Name Description Type Default Required
bad_topic_name The name of the bad pubsub topic that the collector will insert data into string n/a yes
good_topic_name The name of the good pubsub topic that the collector will insert data into string n/a yes
name A name which will be pre-pended to the resources created string n/a yes
network The name of the network to deploy within string n/a yes
project_id The project ID in which the stack is being deployed string n/a yes
region The name of the region to deploy within string n/a yes
topic_project_id The project ID in which the topics are deployed string n/a yes
accept_limited_use_license Acceptance of the SLULA terms (https://docs.snowplow.io/limited-use-license-1.0/) bool false no
app_version App version to use.

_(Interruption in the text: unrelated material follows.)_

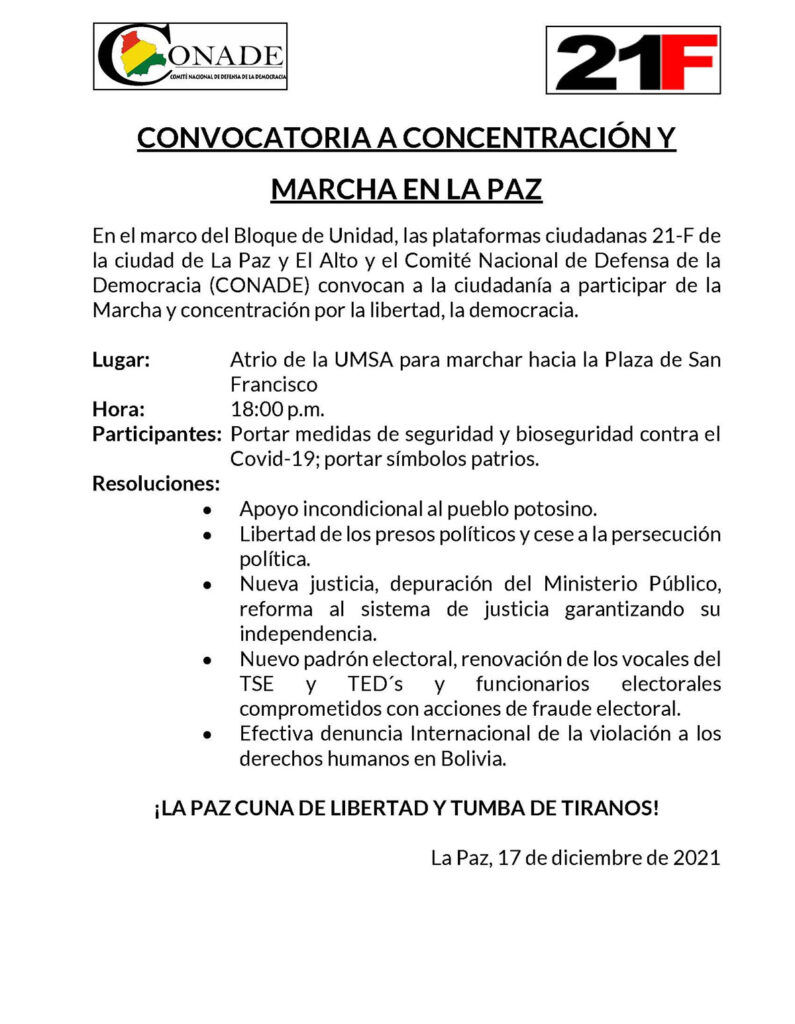 El Comité Nacional de Defensa de la Democracia (Conade), Comité Cívico Potosinista (Comcipo), plataformas 21F y “bloques de unidad” anuncian movilizaciones este viernes en La Paz, Oruro, Potosí y Sucre (Chuquisaca); por la liberación de los “presos políticos”, la construcción de un nuevo padrón, la renovación del Tribunal Supremo Electoral (TSE) y por una reforma judicial.

This variable facilitates dev flow, the modules may not work with anything other than the default value. string "3.0.1" no
associate_public_ip_address Whether to assign a public ip address to this instance; if false this instance must be behind a Cloud NAT to connect to the internet bool true no
byte_limit The amount of bytes to buffer events before pushing them to PubSub number 1000000 no
cookie_domain Optional first party cookie domain for the collector to set cookies on (e.g. acme.com) string "" no
custom_paths Optional custom paths that the collector will respond to, typical paths to override are '/com.snowplowanalytics.snowplow/tp2', '/com.snowplowanalytics.iglu/v1' and '/r/tp2'. e.g. { "/custom/path/" : "/com.snowplowanalytics.snowplow/tp2"} map(string) {} no
gcp_logs_enabled Whether application logs should be reported to GCP Logging bool true no
health_check_path The path to bind for health checks string "/health" no
ingress_port The port that the collector will be bound to and expose over HTTP number 8080 no
java_opts Custom JAVA Options string "-XX:InitialRAMPercentage=75 -XX:MaxRAMPercentage=75" no
labels The labels to append to this resource map(string) {} no
machine_type The machine type to use string "e2-small" no
network_project_id The project ID of the shared VPC in which the stack is being deployed string "" no
record_limit The number of events to buffer before pushing them to PubSub number 500 no
ssh_block_project_keys Whether to block project wide SSH keys bool true no
ssh_ip_allowlist The list of CIDR ranges to allow SSH traffic from list(any)
[
"0.0.0.0/0"
]
no
ssh_key_pairs The list of SSH key-pairs to add to the servers
list(object({
user_name = string
public_key = string
}))
[] no
subnetwork The name of the sub-network to deploy within; if populated will override the 'network' setting string "" no
target_size The number of servers to deploy number 1 no
telemetry_enabled Whether or not to send telemetry information back to Snowplow Analytics Ltd bool true no
time_limit_ms The amount of time to buffer events before pushing them to PubSub number 500 no
ubuntu_20_04_source_image The source image to use which must be based of of Ubuntu 20.04; by default the latest community version is used string "" no
user_provided_id An optional unique identifier to identify the telemetry events emitted by this stack string "" no

Outputs

Name Description
health_check_id Identifier for the health check on the instance group
health_check_self_link The URL for the health check on the instance group
instance_group_url The full URL of the instance group created by the manager
manager_id Identifier for the instance group manager
manager_self_link The URL for the instance group manager
named_port_http The name of the port exposed by the instance group
named_port_value The named port value (e.g. 8080)

Copyright and license

Copyright 2021-present Snowplow Analytics Ltd.

Licensed under the Snowplow Limited Use License Agreement. (If you are uncertain how it applies to your use case, check our answers to frequently asked questions.)